The metaphor of technical debt in code and design can be defined as follows: You start at an optimal level of code. In the next release, you are adding a new feature. This would take an effort E. This, of course, assuming that estimations are somewhere near reality.
If the level of code was less than optimal, the effort will be E + T.
Where T is the technical debt. Writing bad code is like going further into debt. You take the loan now, and you repay the debt later. The bigger the mess, the larger the delay in the next release.
The term “technical debt” was first introduced by Ward Cunningham. It was in the early 90s when the disconnects between development and business were growing bigger and bigger. The business people would urge developers do release untested, ugly code in order to get their product or new features faster.
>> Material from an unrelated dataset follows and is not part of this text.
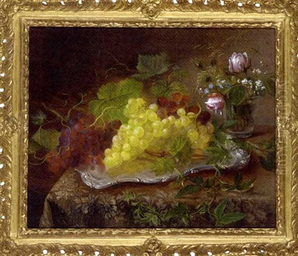 Grapes On A Silver Platter With Summer Flowers In A Glass Alongside

The developers tried to explain why this was a bad mistake. Some things will never change...
Most products and projects are still released much earlier than the developers have wanted. Assuming that developers are not just being stubborn (I know, maybe an ever bigger assumption as decent estimations), you would think that we didn’t manage to get the message across to the business. We have done an awesome job explaining what technical debt is and what the results are going to be. The business people understand it. But they are just willing to take the loan now. Can you blame them? Business wants something out there, in the field, that will sell now.
Let’s assume that there is a discussion at one point before a release. It’s about delaying the release and making the code better or releasing now. My experience is that most times the decision will be in favor of an early release at the cost of less quality. There are a number of reasons for this:
- The business would rather have something now, and take the debt, because they have something new to sell.
- Besides the business decision, there are politics involved. People loose face with delayed releases because they promised their management that magic will happen.
- CapEx is paid from the project budget, but OpEx from a different budget. Meaning a lot of technical debt will not be paid by the project but a different department.
An example. On a recent project I was involved there were two very big debt creators.
1) Handling of a dependency on another System B. The team working on that system was completely overloaded. And instead of fixing the problems with that team, my team was forced by management to rebuild functionality that was already in place at System B. This was an architectural f*ç& up and caused many headaches later on.
2) The other one was not spending any time on test automation. Each regression test was done manually. This way we could never deliver each sprint something of good quality, nor could we deliver in fast cycles, cause after development manual testing started for multiple days.
Yes, we released some features earlier as we should, but o boy did the company paid for that later.